I'm not sure this is done. I've been messing with the first stanza this morning. There's something about the way I had it before that seems right, but maybe I'll just leave it this way for a while and look again later. But here's something of what my writing group said.


N said the wind couldn't be impatient. This stunned me, coming as it did from one who is a very good poet and who ought to know that the wind can be what I say it is,--within some limits, I suppose--and not just as a poet but as a person who "feels" the wind is gentle or disturbing or impatient. But I have taken it out and put it back in at least a dozen times because I'm not sure if it belongs, since I have used that word plunge, which I will keep.


S said she liked the word embers instead of ambers. (See an earlier version.) Okay, I thought, but not in this poem.


D said to change the verb "have" in the first stanza to "had." That makes sense, and I did it. But then I undid it, because I like "have" better.


Both S and D did not like the colors. I didn't feel good about them either. Too many modifiers, and I was especially worried about the fuchsia pinks. When D said the fuchsia pinks reminded her of a prom dress, then I knew why I was worried. They both said to leave the colors out entirely. I don't want prom dresses in the poem, but I did and do want some color there. I've added a few trees that were late in losing their leaves and whose leaves are red or yellow. We'll see about that.

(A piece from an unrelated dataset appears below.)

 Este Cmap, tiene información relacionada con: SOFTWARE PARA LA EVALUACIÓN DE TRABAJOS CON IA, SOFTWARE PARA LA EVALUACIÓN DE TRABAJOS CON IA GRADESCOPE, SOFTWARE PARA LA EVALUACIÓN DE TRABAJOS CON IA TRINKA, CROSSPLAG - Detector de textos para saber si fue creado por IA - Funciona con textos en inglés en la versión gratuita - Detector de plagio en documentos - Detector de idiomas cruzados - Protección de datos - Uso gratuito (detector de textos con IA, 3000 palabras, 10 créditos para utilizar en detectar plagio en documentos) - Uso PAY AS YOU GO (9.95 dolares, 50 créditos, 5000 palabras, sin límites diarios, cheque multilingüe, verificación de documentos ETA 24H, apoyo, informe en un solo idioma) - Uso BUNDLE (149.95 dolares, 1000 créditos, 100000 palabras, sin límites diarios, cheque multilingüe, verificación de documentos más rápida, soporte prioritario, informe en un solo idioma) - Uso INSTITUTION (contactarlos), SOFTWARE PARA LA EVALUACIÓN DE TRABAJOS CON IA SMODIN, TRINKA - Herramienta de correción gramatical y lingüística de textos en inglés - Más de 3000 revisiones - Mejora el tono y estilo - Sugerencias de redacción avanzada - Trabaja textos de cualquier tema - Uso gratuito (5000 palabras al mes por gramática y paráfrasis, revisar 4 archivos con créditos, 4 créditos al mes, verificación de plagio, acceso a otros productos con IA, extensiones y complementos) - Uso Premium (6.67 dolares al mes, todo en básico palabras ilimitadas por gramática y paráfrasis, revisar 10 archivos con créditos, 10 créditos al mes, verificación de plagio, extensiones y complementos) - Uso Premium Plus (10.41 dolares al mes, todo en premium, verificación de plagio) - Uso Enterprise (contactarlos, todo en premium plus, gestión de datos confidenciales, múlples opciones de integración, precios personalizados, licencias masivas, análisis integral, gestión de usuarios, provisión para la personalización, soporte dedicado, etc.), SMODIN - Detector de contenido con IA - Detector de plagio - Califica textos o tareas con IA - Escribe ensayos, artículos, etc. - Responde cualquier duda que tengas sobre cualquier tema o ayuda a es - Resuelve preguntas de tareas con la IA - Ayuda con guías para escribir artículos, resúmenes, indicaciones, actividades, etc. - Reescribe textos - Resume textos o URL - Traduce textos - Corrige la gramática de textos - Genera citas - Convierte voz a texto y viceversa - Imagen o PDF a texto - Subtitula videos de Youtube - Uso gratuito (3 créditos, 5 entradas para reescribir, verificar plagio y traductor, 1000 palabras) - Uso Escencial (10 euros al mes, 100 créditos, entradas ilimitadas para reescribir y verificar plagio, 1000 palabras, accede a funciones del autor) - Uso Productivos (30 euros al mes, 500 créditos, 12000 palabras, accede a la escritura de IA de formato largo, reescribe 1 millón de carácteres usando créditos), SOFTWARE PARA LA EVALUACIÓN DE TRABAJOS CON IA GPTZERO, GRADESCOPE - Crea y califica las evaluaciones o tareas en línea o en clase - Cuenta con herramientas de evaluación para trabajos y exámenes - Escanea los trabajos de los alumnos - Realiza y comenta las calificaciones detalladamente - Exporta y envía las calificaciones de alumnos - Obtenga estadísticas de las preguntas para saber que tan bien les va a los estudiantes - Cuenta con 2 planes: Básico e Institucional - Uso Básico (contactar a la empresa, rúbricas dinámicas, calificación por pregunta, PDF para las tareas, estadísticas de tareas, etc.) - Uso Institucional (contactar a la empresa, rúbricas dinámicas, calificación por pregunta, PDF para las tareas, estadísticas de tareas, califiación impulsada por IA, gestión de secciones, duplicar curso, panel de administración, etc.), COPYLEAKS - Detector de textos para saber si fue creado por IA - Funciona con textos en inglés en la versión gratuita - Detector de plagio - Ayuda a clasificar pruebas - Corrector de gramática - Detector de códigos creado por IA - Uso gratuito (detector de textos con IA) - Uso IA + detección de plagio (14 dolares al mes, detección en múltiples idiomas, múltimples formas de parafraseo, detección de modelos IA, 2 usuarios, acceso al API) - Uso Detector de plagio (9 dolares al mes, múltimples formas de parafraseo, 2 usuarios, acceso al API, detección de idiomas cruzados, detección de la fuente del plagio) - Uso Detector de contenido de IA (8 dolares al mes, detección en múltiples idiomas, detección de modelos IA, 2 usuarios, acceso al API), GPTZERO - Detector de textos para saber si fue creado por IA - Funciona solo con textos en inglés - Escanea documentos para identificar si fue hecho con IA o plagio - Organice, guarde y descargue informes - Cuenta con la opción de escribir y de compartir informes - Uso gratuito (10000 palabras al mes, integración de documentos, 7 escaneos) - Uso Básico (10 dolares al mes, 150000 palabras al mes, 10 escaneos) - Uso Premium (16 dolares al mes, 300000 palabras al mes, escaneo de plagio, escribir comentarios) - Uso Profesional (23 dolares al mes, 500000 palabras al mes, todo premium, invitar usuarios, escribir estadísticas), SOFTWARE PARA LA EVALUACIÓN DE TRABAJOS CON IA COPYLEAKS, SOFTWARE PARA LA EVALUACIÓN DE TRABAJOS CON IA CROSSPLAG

D said to put the middle part together this way:


Color dies

with the passing of the leaves

and nature pushes time

into colder, briefer days.

In winter,

a fearful presence

inhabits the lowering clouds,

waits beneath a hardened earth.

Trees look older now,

stripped, shamed,

something pitiful revealed

in the collective reaching skyward

of frail limbs.

We, in that season,

are left without comfort,

as if, like the trees,

we have forgotten

what we know.


That makes sense, but not quite the sense I was thinking of when I wrote the poem. Besides, I think the words "colder" and "older" belong close together.


I took the last line off, about spring coming, because 1. perhaps the idea of spring is implicit, and that is enough, and 2. to leave some ambiguity there.

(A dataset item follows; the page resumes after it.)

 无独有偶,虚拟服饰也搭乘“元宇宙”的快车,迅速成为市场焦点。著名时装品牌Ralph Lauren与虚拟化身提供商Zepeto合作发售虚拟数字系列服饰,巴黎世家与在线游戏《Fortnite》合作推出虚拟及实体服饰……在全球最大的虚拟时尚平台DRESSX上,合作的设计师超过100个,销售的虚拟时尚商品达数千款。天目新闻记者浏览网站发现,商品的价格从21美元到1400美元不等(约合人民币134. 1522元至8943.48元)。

I came from the writing meeting very pleased. It's always a good thing when other writers take your writing seriously and offer their ideas. In the end, I weigh their ideas and, you know, make the final decision. As I said, I'm not sure this poem is finished.

3 comments:

Carol's Corner said...

Commenting on my own post. I am now sure this poem is not finished. I've been working on it again. I know. Big deal

Wendy said...

It's hard to comment when I can't see the poem while I'm commenting, so I will comment in an email. Coming up.

Wendy said...

I like the two-word first lines in each stanza. They make me reach for more, as in what is dying that I don’t want to let go of.

As if, like the trees,
we have forgotten
what we KNEW? The past tense makes more sense to me—they knew green and leaves and sun, but not now.

I agree about too many colors—I didn’t really like the fuchsia either. But I do like the primary colors you left in red, yellow, blue

I’m with you on “have” in the first stanza

I like “plunge” but I also liked the impatient wind. Of course it can be! What’s wrong with N??

I see why maybe they didn’t want any colors at all—Wintering. But the poem works toward winter, and we look back at the colors and feel the vanished warmth. That’s what I say—

No “fat” lines—all short and bare, sort of. It looks like its subject?